A certain virus infects one in every 600 people. A test used to detect the virus in a person is positive 90% of the time if the person has the virus and 10% of the time if the person does not have the virus. Let A be the event "the person is infected" and B be the event "the person tests positive."

(a) Find the probability that a person has the virus given that they have tested positive.

(b) Find the probability that a person does not have the virus given that they have tested negative.

See similar problem here:

http://www.jiskha.com/display.cgi?id=1481848396

To find the probability that a person has the virus given that they have tested positive (part (a)), we can use Bayes' theorem.

Bayes' theorem states that P(A|B) = (P(B|A) * P(A)) / P(B), where P(A|B) is the probability of A happening given that B has happened, P(B|A) is the probability of B happening given that A has happened, P(A) is the probability of A happening, and P(B) is the probability of B happening.

In this case:
- P(A) is the probability that a person has the virus, which is given as one in every 600 people or 1/600.
- P(B|A) is the probability that a person tests positive given that they have the virus, which is given as 90% or 0.9.
- P(B) is the probability that a person tests positive. We need to calculate this probability.

To find P(B), we need to consider both scenarios:
1. The person has the virus and tests positive (A and B both occur).
2. The person does not have the virus but tests positive (A does not occur, but B occurs).
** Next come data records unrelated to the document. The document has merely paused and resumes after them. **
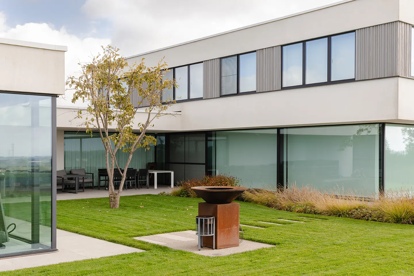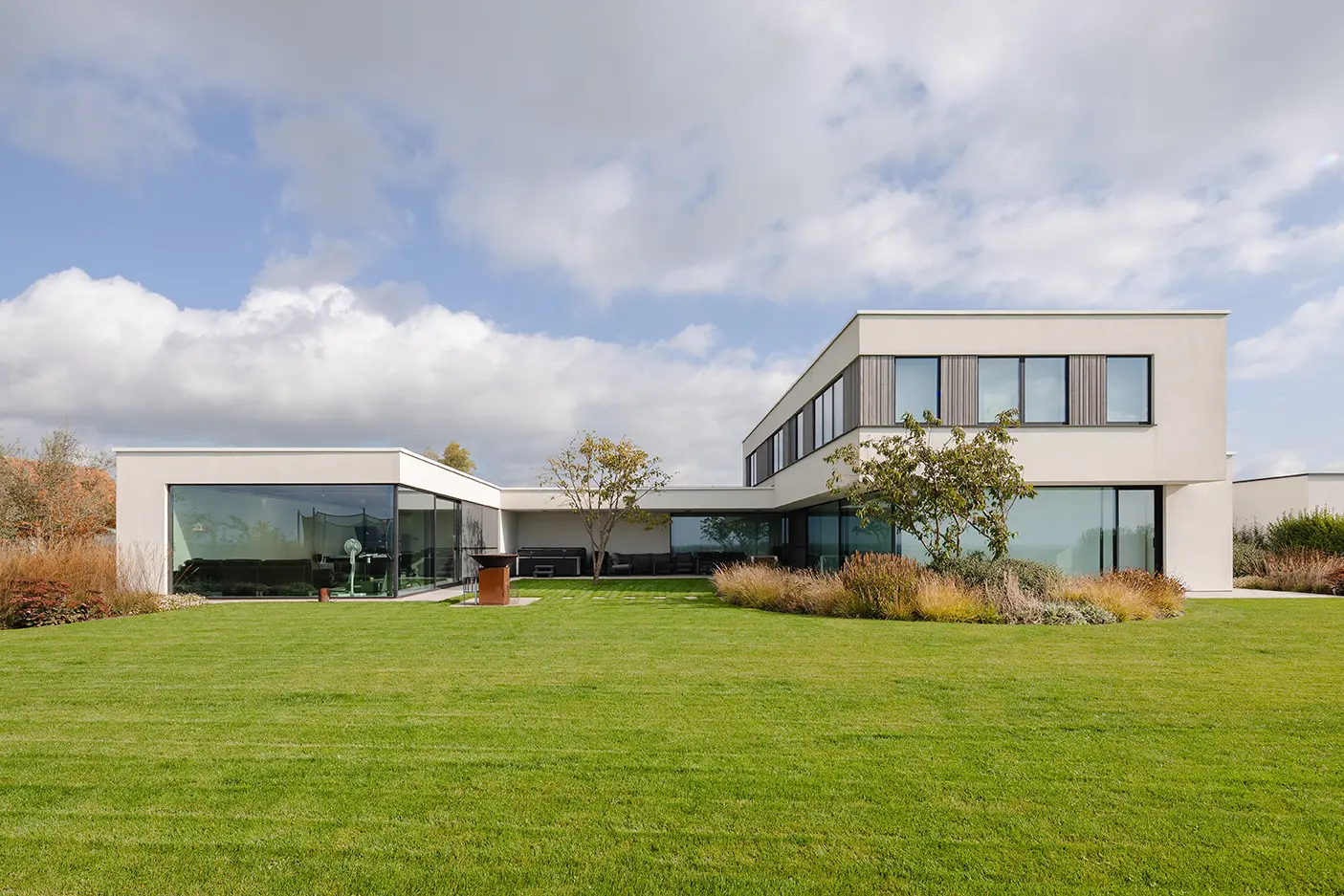 In this article, we highlight a stunning residence where these principles come together flawlessly. A home in which architecture and its surroundings blend harmoniously, thanks to the thoughtful use of impressive glass surfaces and slim aluminium profiles.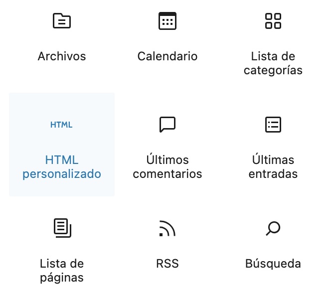 Si selecciona «HTML personalizado» para el bloque y escribe la clase en línea, puede configurarlo del mismo modo que Parte 1.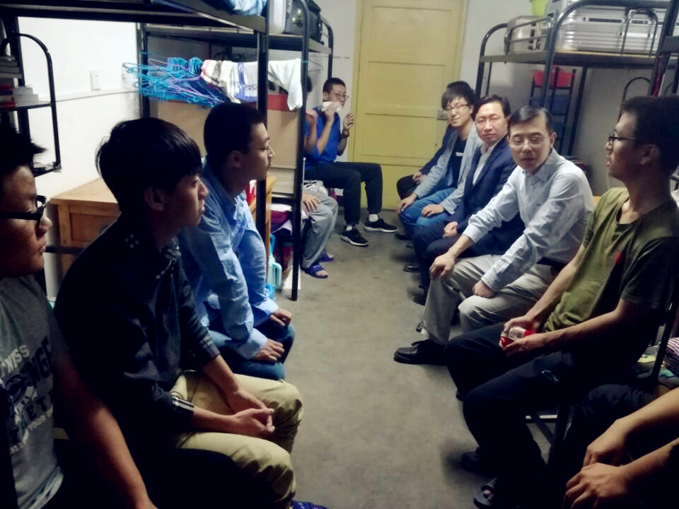 9月14日晚,k8凯发经理任育新、党委副书记张艳、副经理朱景梅、副经理赵军强及全体辅导员、班主任老师、员工干部走进宿舍,为2016级新生送去中秋祝愿。公司领导、老师与新生亲切交谈,细致地询问同学们进校后学习生活情况,并嘱咐他们要尽快适应老员工活,全身心投入到学习中去,同时也提醒同学们要团结友善,照顾好自己,学会关心同学,和谐相处,有效沟通,在即将到来的中秋节前夜代表全院教师送去了对同学们中秋节的美好祝愿。过程中,同学们认真聆听并积极与老师们互动,对大学寝室生活、学业发展有了进一步的认识,期间,同学们不时回报以热烈的掌声,并对公司无微不至的关怀表达了感谢,他们表示一定严格遵守公司的各项规章制度,努力学习、互助友爱,不辜负公司领导老师的期望。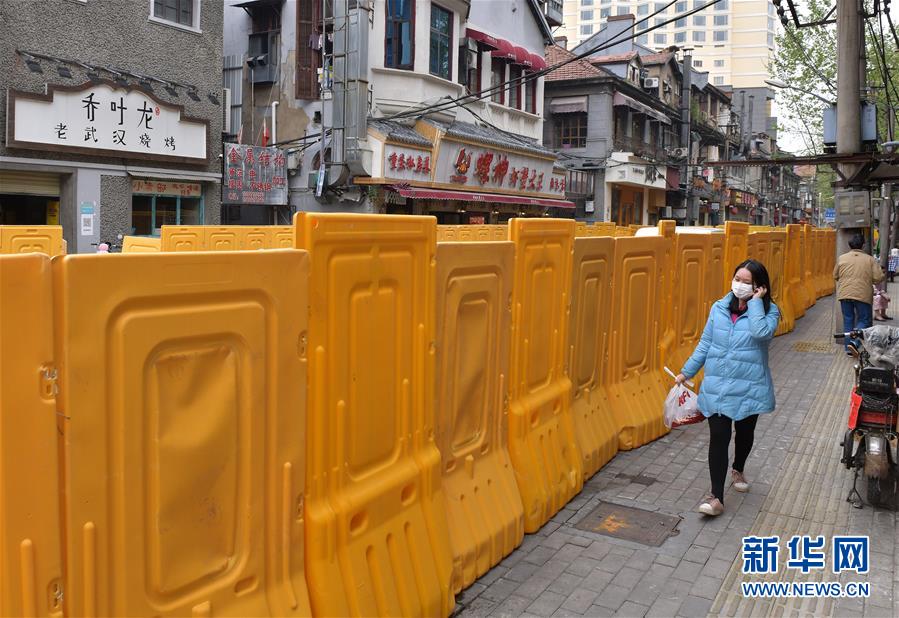 4月5日,外出購(gòu)物的居民走在蔡鍔路旁的封閉區(qū)內(nèi)。 近日,結(jié)合疫情防控工作實(shí)際,武漢市將繼續(xù)強(qiáng)化小區(qū)封閉管理,引導(dǎo)居民非必要出行盡量不出門,堅(jiān)決切斷傳染源、阻隔傳播途徑。 新華社記者 李賀 攝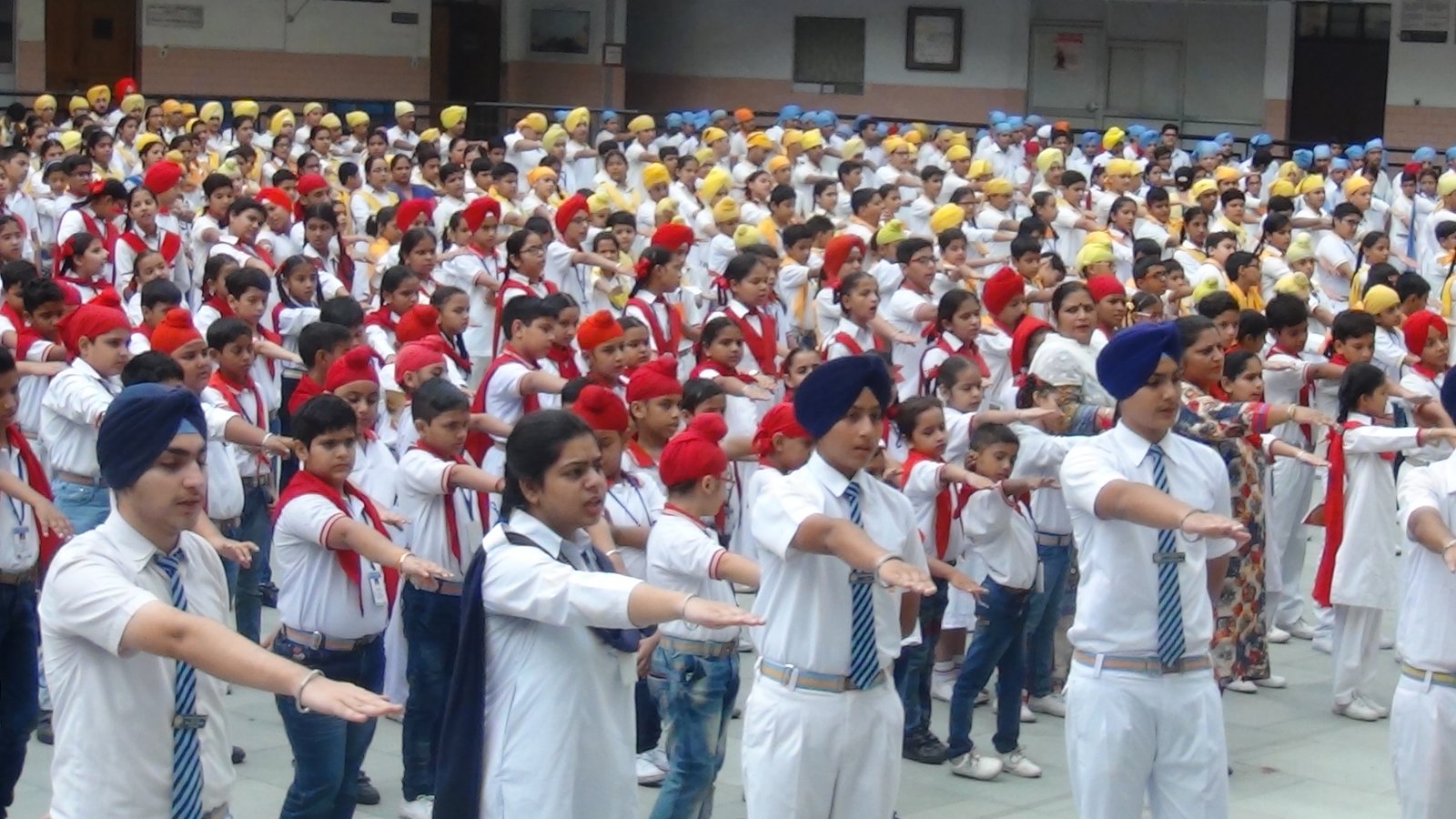 Total of 5,500 students of Guru Harkishan Public School branches run by Delhi Sikh Gurdwara Management Committee formed human chain at the 2.3 km outer radius of India Gate on September 21st 2019 on the occasion of 550th Prakash Purab of Shri Guru Nanak Dev Ji. Students of classes 6 to 10 belonging to different religion, caste, creed from all branches of Guru Harkrishan Public Schools formed the human chain to spread awareness about the 550th Prakash Purab. They promoted ethos and supported new traffic rules under the amended motor vehicle act. They also spread gender awareness about the Gurbani teaching on dignity of women, water and Environmental preservation.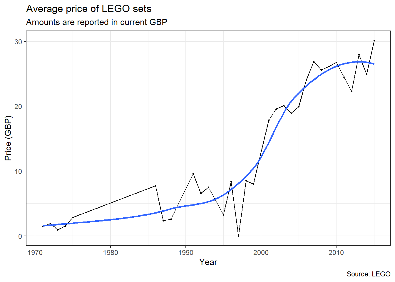 The dataframe has 14 variables (or columns) and 6,172 observations (rows). Besides the item number, year, theme/subtheme and the number of pieces and minifigures contained in each Lego box, we also have the recommeneded retail prices in GBP, USD, CAD, and EUR. While we are at it, let us have a quick look at how Lego prices (in GBP) have evolved over the years.
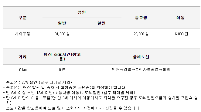 인천 -> 영월 -> 고한사북공영 -> 태백시외버스 터미널 순으로 정차를 한다.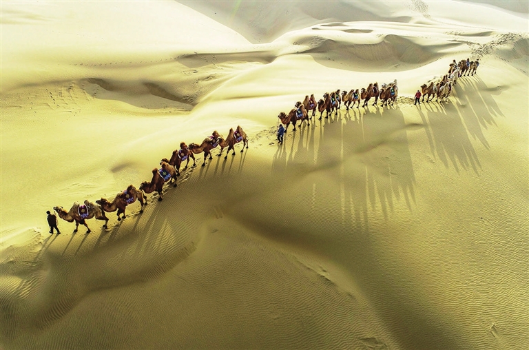 冬日,位于内蒙古自治区鄂尔多斯市的库布其沙漠壮美而静谧,驼队行走其中,构成一幅沙海画卷。新华社 发
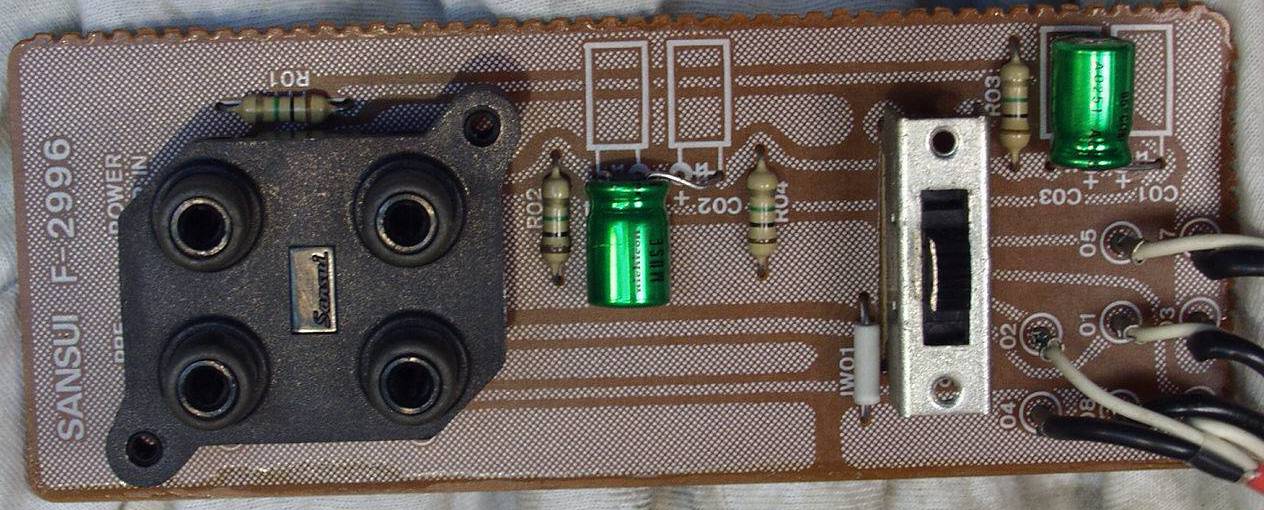 | C−5B. 修理後 プリメインRCA端子 高価なBPに変更したので「2個→1個」 |

The probability of scenario 1 happening is P(A) * P(B|A), which is (1/600) * 0.9.
The probability of scenario 2 happening is (1 - P(A)) * P(B|not A), where P(B|not A) is the probability of testing positive given that the person does not have the virus. It is given as 10% or 0.1.

Therefore, P(B) = P(A) * P(B|A) + P(not A) * P(B|not A) = (1/600) * 0.9 + (599/600) * 0.1.

Now, we can substitute the known values into Bayes' theorem and calculate P(A|B):

P(A|B) = (P(B|A) * P(A)) / P(B) = (0.9 * 1/600) / [(1/600) * 0.9 + (599/600) * 0.1].

To find the probability that a person does not have the virus given that they have tested negative (part (b)), we can use a similar approach. Again, we will use Bayes' theorem:

P(not A|not B) = (P(not B|not A) * P(not A)) / P(not B).

Here, P(not A) is the probability that a person does not have the virus, which is (599/600), and P(not B|not A) is the probability of testing negative given that the person does not have the virus.

To calculate P(not B), we need to consider both scenarios:
1. The person does not have the virus and tests negative (not A and not B both occur).
2. The person has the virus but tests negative (not A does not occur, but not B occurs).

The probability of scenario 1 happening is P(not A) * P(not B|not A).
The probability of scenario 2 happening is (1 - P(not A)) * P(not B|A), where P(not B|A) is the probability of testing negative given that the person has the virus.

Therefore, P(not B) = P(not A) * P(not B|not A) + P(A) * P(not B|A).
Now, we can substitute the known values into Bayes' theorem and calculate P(not A|not B).